Where In The World is Osama

Thursday, 11 September 2008 16:44

If Morgan Spurlock has learned anything from over 30 years of movie-going, it’s that if the world needs saving, it’s best done by a loner willing to face danger head-on, and take it down, action-hero style. So, after undergoing a crash course in military experience, knowledge and expertise, he then sets off to do what the CIA, FBI and countless bounty hunters have failed to do: find the world’s most wanted man.

Where, indeed, is Osama bin Laden?Why take on such a seemingly impossible mission? Simple - he wants to make the world safe for his soon to be born child, and he’s got 19 weeks to complete the mission so he can get home in time for the birth. En route to his attempt to find Osama bin Laden, he first needs to learn where ‘BL’ came from, what makes him tick, and most importantly, what exactly ‘created’ him to begin with.

This is a DVD that seems to have come out with very little fanfare – strange considering that we’re at the anniversary of 9/11 once more, and after all “BL” is the reason why America is fighting undeclared wars all over the place, and worldwide we are seeing an erosion of civil liberties as a consequence that has George Orwell muttering from beyond the grave: “I told you so”.

Spurlock is the guy who discredited fast food so gloriously in “Super Size Me”, and has taken on a very thorny subject with this documentary. That said he has discharged himself admirably in his own inimitable style. We are taken on a Wicker’s-World-esque global journey to various ‘trouble spots’ (Iraq excluded, on his wife’s orders!) to see if the trail of the most wanted man on the planet can be followed.

Peppered throughout with hilarious animation (it has to be said, one set-piece near the start of the film will mean you’ll never be able to hear MC Hammer’s “Can’t Touch This” without a smile on your face ever again), this is a movie that humanises the inhabitants of various countries; those who we are supposed to believe support terrorists who wish to bring Western democracy to its knees.

What we find is that the silent majority in these countries aren’t slapping their heads and firing rifles into the air en masse. They, like all of us sane folk on this side of the fence, just want the madness to stop and for peace to break out. These likable individuals try to impress on the audience for this documentary that the nutters don’t represent the general population of these regions.

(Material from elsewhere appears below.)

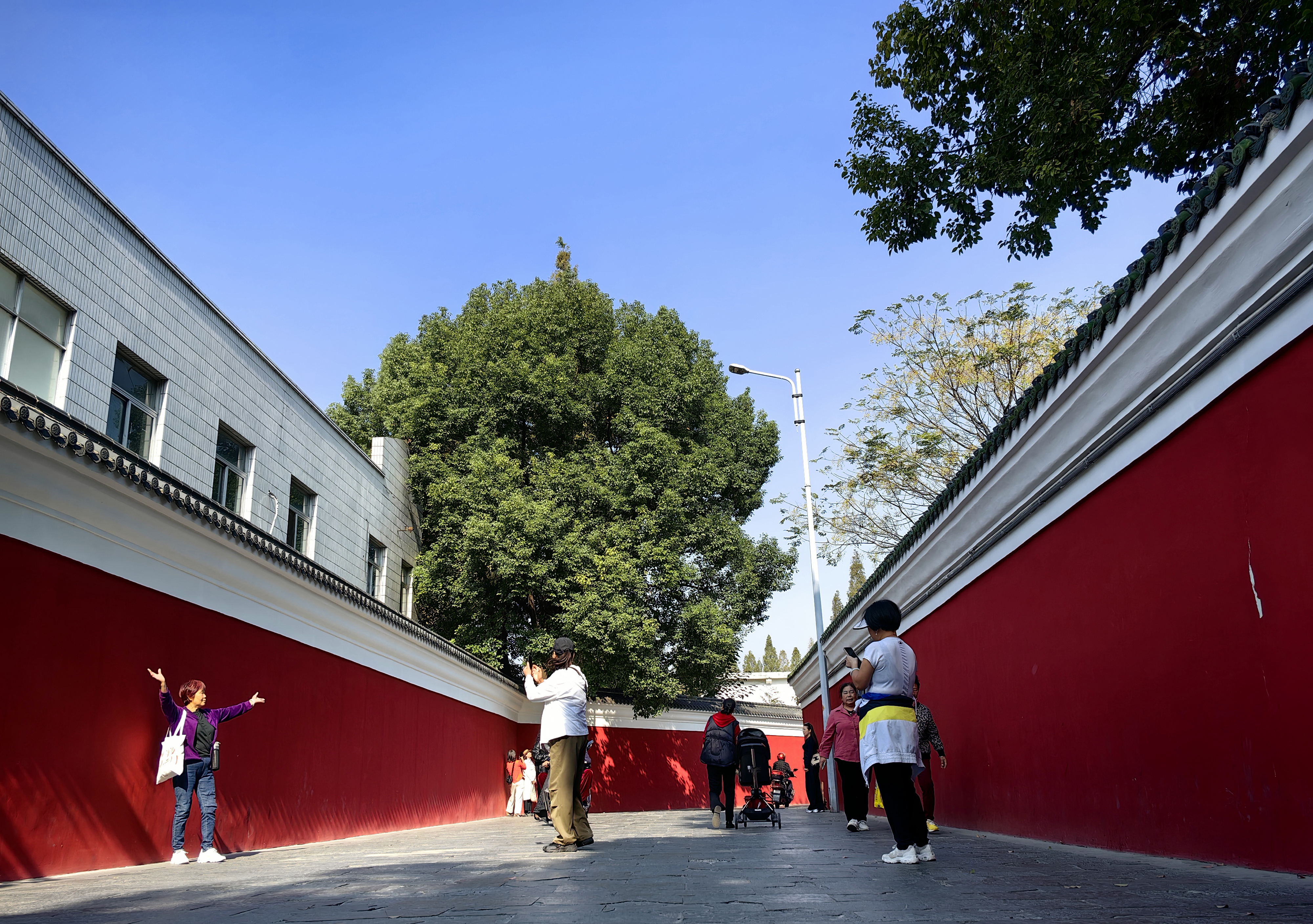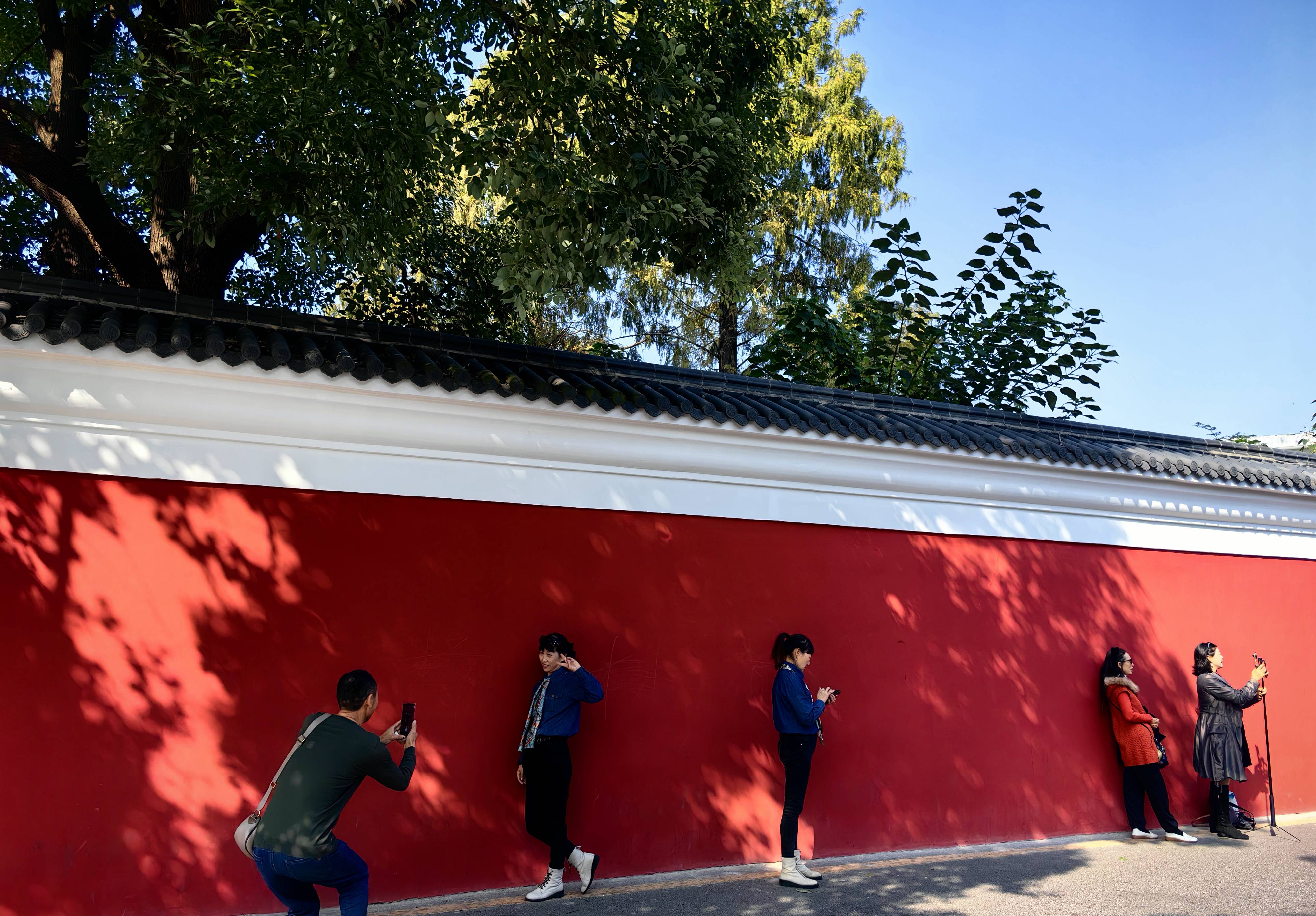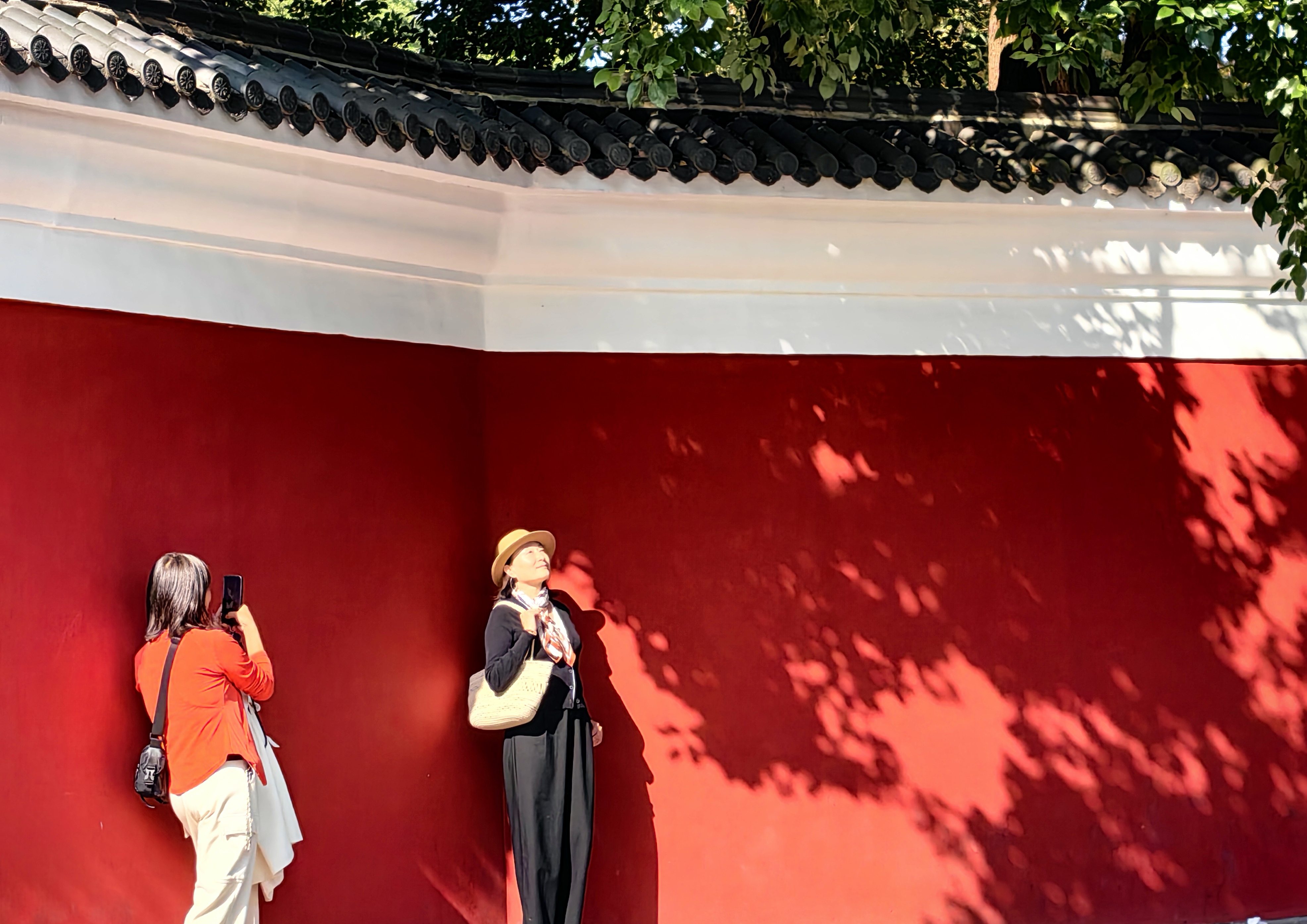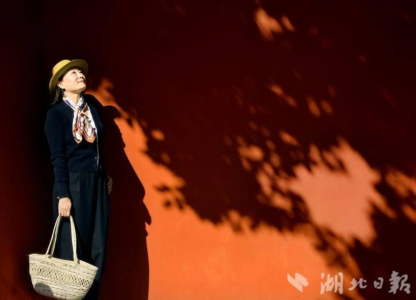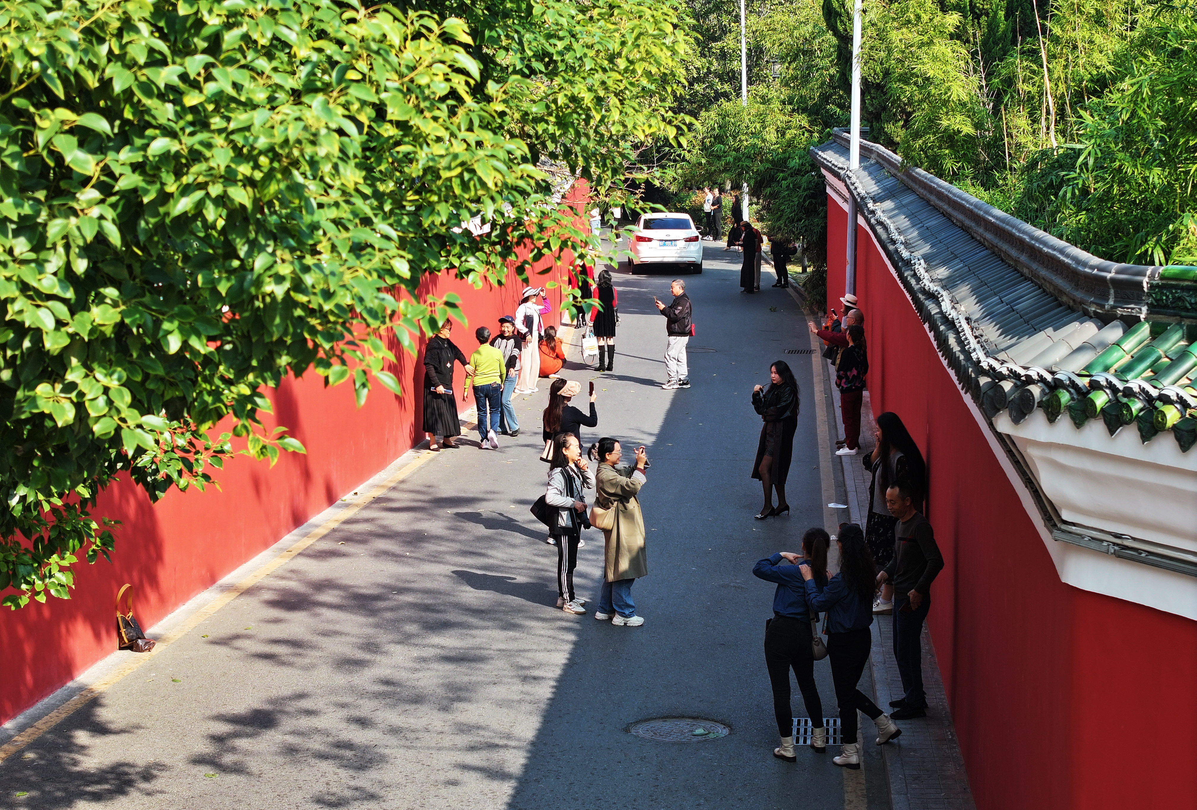 10月31日,游客在襄阳市襄王府外刷红焕新的外墙打卡拍照,阳光下的红墙琉璃瓦显得庄重、典雅,透出浓浓的中国古典建筑风。据介绍,该墙共345米长,参照故宫红墙色调,现场反复调试于9月底完成焕新,很快成为襄阳新的网红热门打卡地。(湖北日报全媒记者 田悦 通讯员 谢勇 摄)

It manages to do this via a thoroughly entertaining jaunt, laced with humour whilst having a serious message well-told. The most annoying aspect of the movie is actually the fact that those with a non-American accent - who speak in English - are SUBTITLED, so that those who can’t get past dialect can follow what’s being said. I assume this is a necessity for a U.S. audience - which perhaps is more telling as to what the problem actually is with middle-America than anything else.

For those who caught the movie at the cinema, the DVD is still well worth a purchase, simply because of the extras, and in particular a host of deleted scenes. These are as follows:

Three Girls Saudi – Young women of Saudi Arabia reveal their take on the perceived Western misconceptions about Islam. It’s interesting how their definition of ‘freedom’ differs to our way of seeing it.

Watergate – a spoof of an underground car park scene from “All The President’s Men”, where the actual head of a CIA division tasked with tracking Bin Laden reveals very little.

Shimon Peres – the ninth President of Israel tries to explain his take on the situation with Palestine, in the context of what is and is not terrorism.

Afghan Animation – A history of Afghanistan, done as a cartoon featuring various spoofs of movie posters – the best being “1998 – A Cave Odyssey” which, naturally, is a parody of “2001”.

Martin McGuiness – An attempt to define the difference between a freedom fighter and a terrorist, in the context of the IRA.

Saad Ibrahim – A short interview with the Cairo-based civil rights activist, who says his aims are to make Egypt and the Arab world more democratic, believing in ‘the politics of engagement, not the politics of exclusion’.

Western Showdown – the alternative ending, which is actually far more satisfying than the one they eventually used. This CGI animation is video-game style, where the OK Corral becomes the scene for a head-to-head between Spurlock and ‘BL’, who changes from a nine foot tall bionic ninja to roadrunner during the course of proceedings. Worth the purchase price on its own.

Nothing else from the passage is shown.